27 F. Supp. 155 | S.D.N.Y. | 1939
This proceeding has for its object the cancellation of defendant’s naturalization granted on or about January 23, 1933.
The following facts are found:
The defendant entered this country for the first time April 14, 1920, on the S. S. Patria. His certificate of admission was based in part upon an Italian passport bearing the visa of a United States Consul at Naples, issued upon the defendant’s representation that he was returning to the United States where he had resided from 1913 to 1915.
That statement was untrue and known to be so by the defendant when he made it.
His object was to secure the advantage of admission to this country as a beneficiary of the Joint Resolution of October 19, 1918, Title 8 U.S.C. § 230, 8 U.S.C.A. § 230, having to do with aliens residing in this country. prior to the World War, who saw service overseas in the military forces of nations co-belligerent with the United States; any such who could not have secured admission under the Act of February 5, 1917, Title 8 U.S.C. § 136, 8 U.S.C.A. § 136, being illiterate (Subd. o), was ap
This defendant was in 1920 and is now illiterate within the definition of the said statute.
It is difficult to understand by what process his naturalization in 1933 was accomplished, but the fact that it was indicates the necessity for giving careful consideration to this application.
The Government’s case is comprehended entirely, within the foregoing facts and rests in the assertion that, in the declaration of intention and in the petition for naturalization, it is falsely stated as follows : “ * * * My lawful entry for permanent residence in the United States was at New York, N. Y., under the name of Giuseppe Marino, on April 14, 1920, on the vessel Patria”, in that the petitioner then knew that his said entry was not lawful, but was based upon the false statements that underlay his procurement of the visa from the consul in Naples.
The proof is clearly with the Government.
For the defendant it is argued that the Government is estopped because the naturalization proceeding required for its presentation a certificate of lawful entry, which was issued in 1929.

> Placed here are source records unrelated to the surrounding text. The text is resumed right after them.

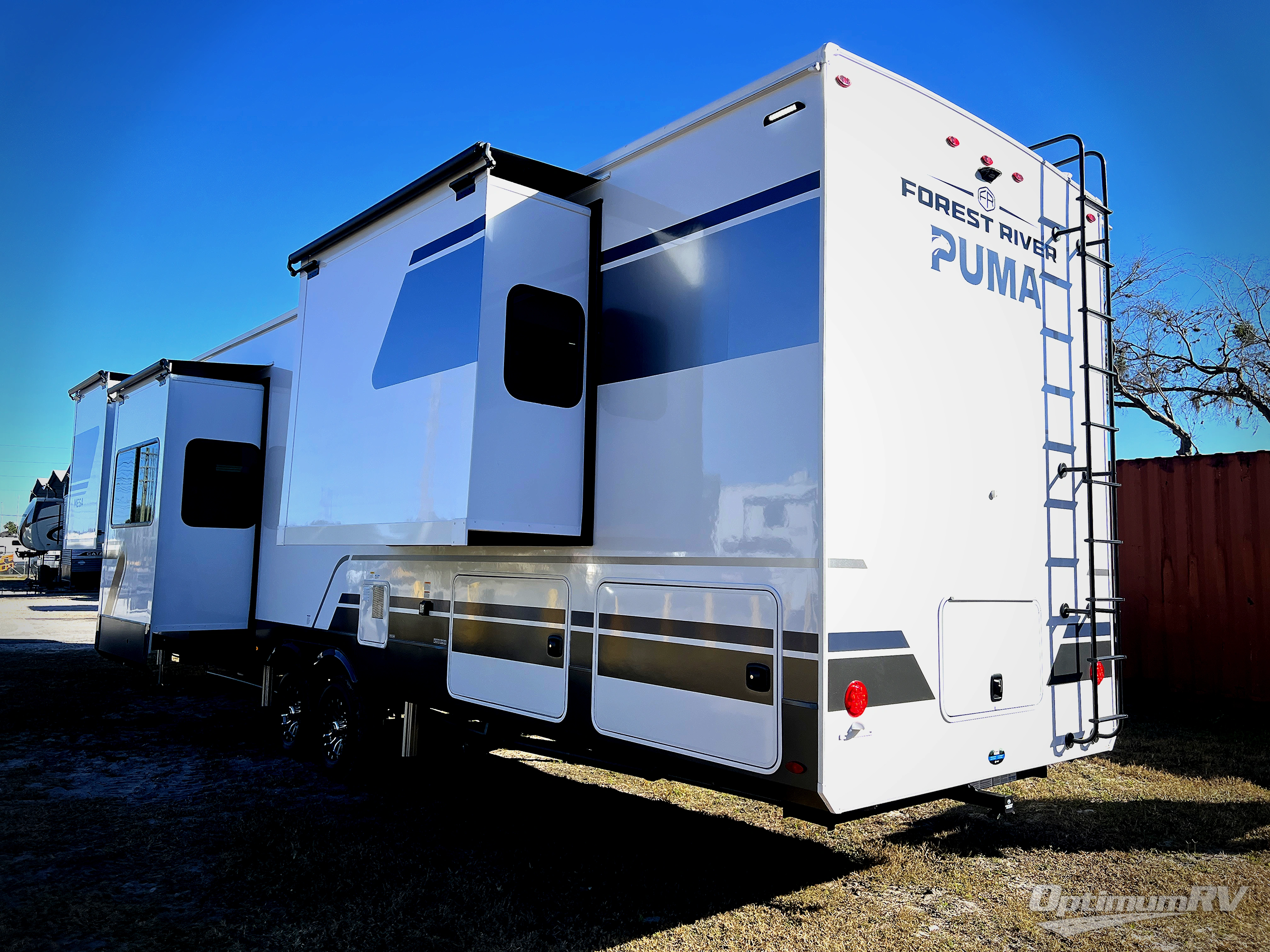 With the Puma Mesa fifth wheel by Forest River redefine your camping experience with a perfect blend of practical living, durable construction, and high-end style! These models are built on a rock-solid foundation featuring an all-welded aluminum frame superstructure and high gloss fiberglass vacuum bonded walls with Dual Azdel for long-lasting quality. The expansive 101" wide-body design maximizes interior space, and the worry-free composite slide floors provide excellent stability. Outside, the Puma Mesa ensures effortless travel and setup with a standard 6-point hydraulic leveling system and reliable 7,000 lb. axles with ABS and a Tire Pressure Monitoring System (TPMS). These fifth wheels also include practical features like a heated utility convenience center, 12V heat pads on all holding tanks for extended season use, and convenient slam latches on all storage doors. You will also love the outdoor living space created by the power awnings with LED lights and the accessibility provided by the standard ladder!
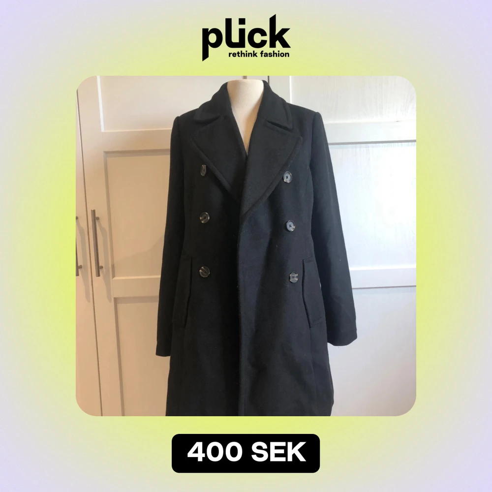 Säljer en stilren svart kappa i mycket bra skick. Den har en klassisk dubbelknäppt design med långa ärmar och en elegant krage. Perfekt för höst och vinter, och funkar lika bra till vardags som till fest. Använd endast ett par gånger.
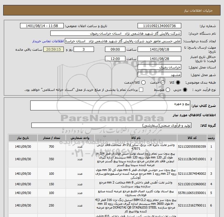 نام دستگاه خریدار:شرکت پالایش گاز شهید هاشمی نژاد استان خراسان رضوی
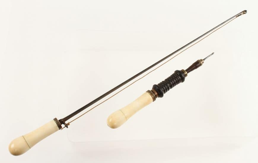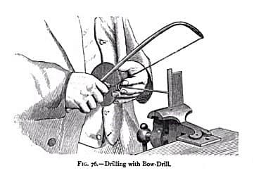 This ancient tool, which was depicted in Egyptian hieroglyphs, is almost as old as the invention of fire, as the first versions of it were used to start fires and to drill holes in stones and beads. They were driven by a bow held in the opposing hand, and were capable of producing precision work when used by skilled craftspeople. Bows were moved back and forth, in a steady reciprocal motion, somewhat like a cellist might play.
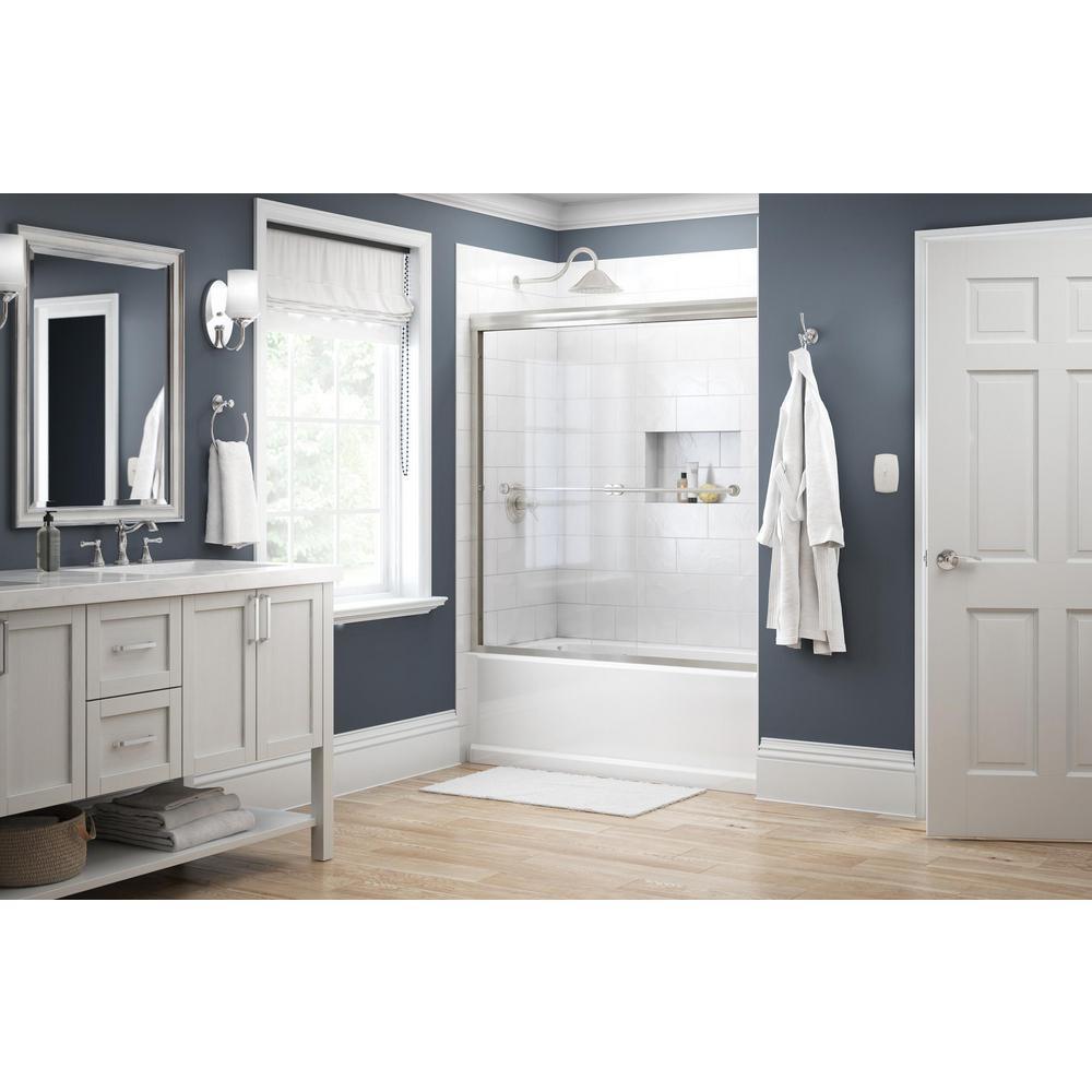 Whether you’re looking for a moderate DIY project or working on a bathroom remodel, upgrading your bathroom with a new sliding shower door is easy with the Delta 1-2-3 custom sliding shower door program. Delta’s custom glass shower door program offers 1000s of design combinations by choosing your glass shower panels, shower door track, and shower door handles to build a unique, personalized glass shower door. Simple and classic, the Traditional bathtub door track in nickel features a reversible top track with two unique profiles that offer uncompromised quality and value with a design that’s familiar and balanced. Show off your beautiful shower with standard 1/4 in. ANSI certified tempered glass shower panels, featuring Delta Spot Guard with a completely transparent look for a glass shower door that is both simple and elegant. The Lyndall sliding shower door handles in nickel feature two convenient towel bars for extra bathroom storage in a contemporary design silhouette that beautifully demonstrates simplistic, modern elegance.
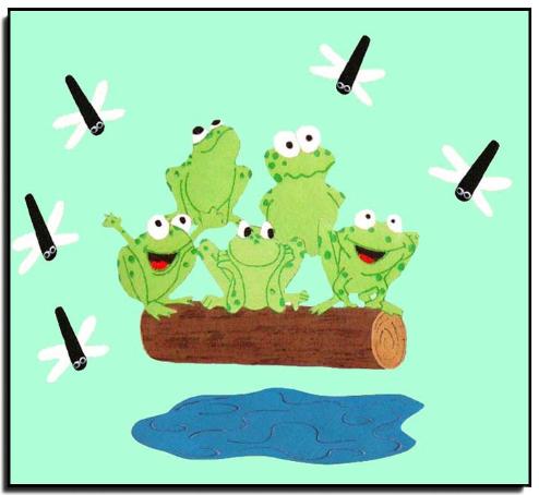 speckled log (10 1/2"), 5 insects (3" each), and pond (10"). Log and the pond are felt with hand-painted features.
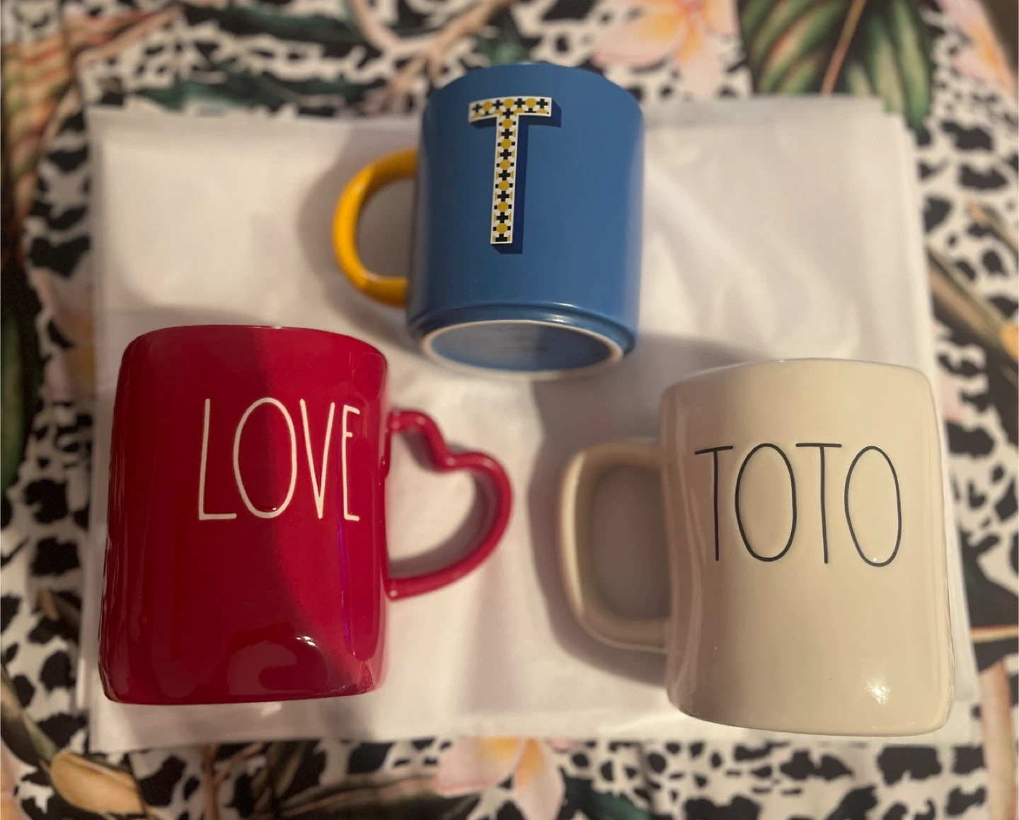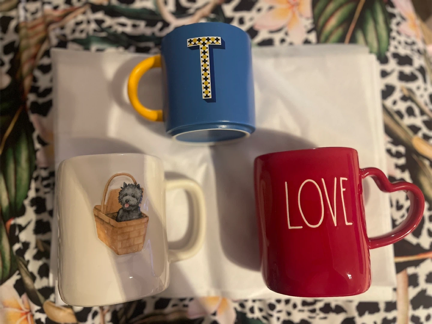 Barely used, in great condition (no chips or cracks). 2 large Rae Dunn and 1 standard Indigo T initial ceramic mugs. Dishwasher-safe. $7 each or $15 for all
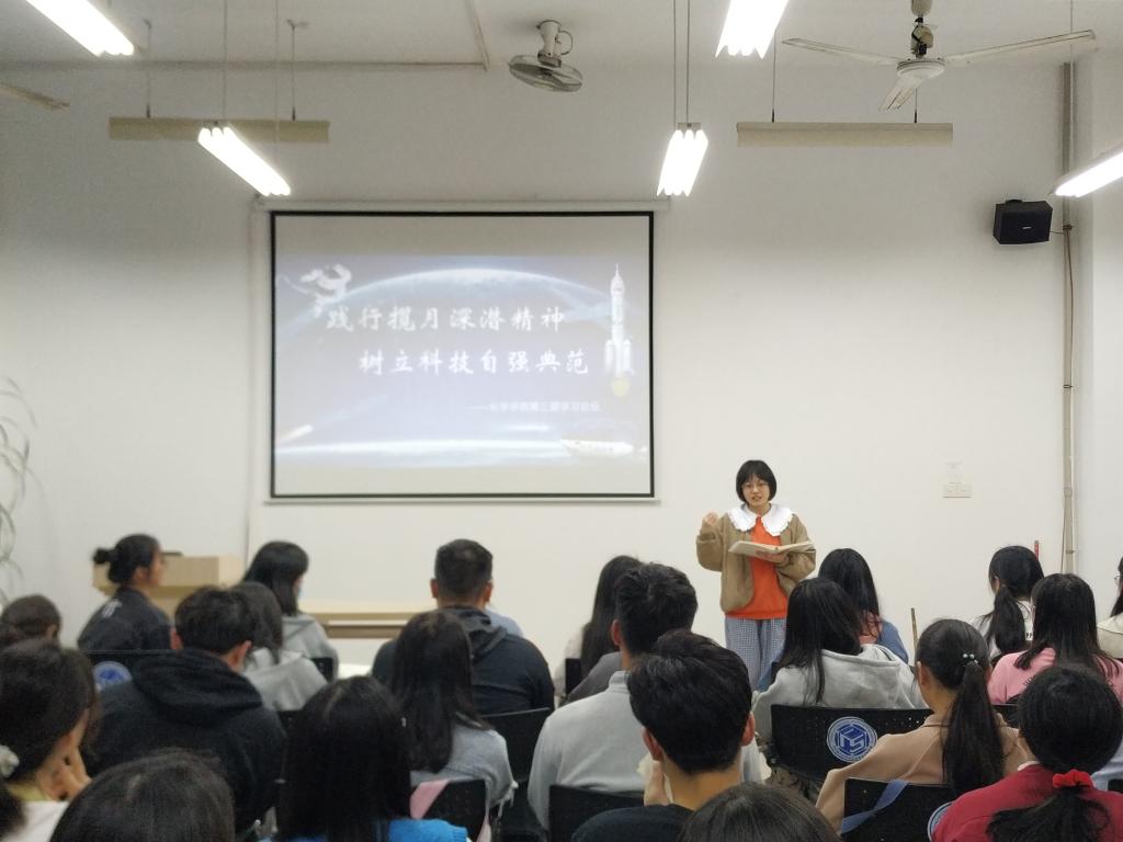 326日晚,化学学院学生党总支在工三B210举办期学习论坛,本期主题为“践行揽月深潜精神,树立科技自强典范”。论坛由应化支部唐思思主持,部分党员和积极分子代表参加。

It is said that the 1920 entry should then have been challenged and, if found to be defective for the reasons stated, relief could have been afforded to the defendant under the provisions of Title 8 U.S.C. § 106a, 8 U.S.C.A. § 106a, having to do with the registry of aliens entering prior to June 3, 1921, “in whose case there is no record of admission for permanent residence”. Manifestly that had nothing to do with an alien as to whom there was a record of admission which was the result of a misrepresentation in limine. Incidentally such a record was inconsistent with an affirmative showing of good character required of an applicant under that section.
Moreover there seems to be no estoppel against the United States in such matters. See Johannessen v. United States, 225 U.S. 227, 32 S.Ct. 613, 56 L.Ed. 1066; United States v. Ness, 245 U.S. 319, 38 S.Ct. 118, 62 L.Ed. 321.
Finally, it is urged that this defendant will become liable to deportation 'in the event of a decision adverse to him and that, because of the passage of years, the matter should not be in court anyway.
Mere lapse of time cannot render the false true, nor deter the Government from enforcing the law as Congress has ordained it.
The prayer of the petition must be granted. Settle decree.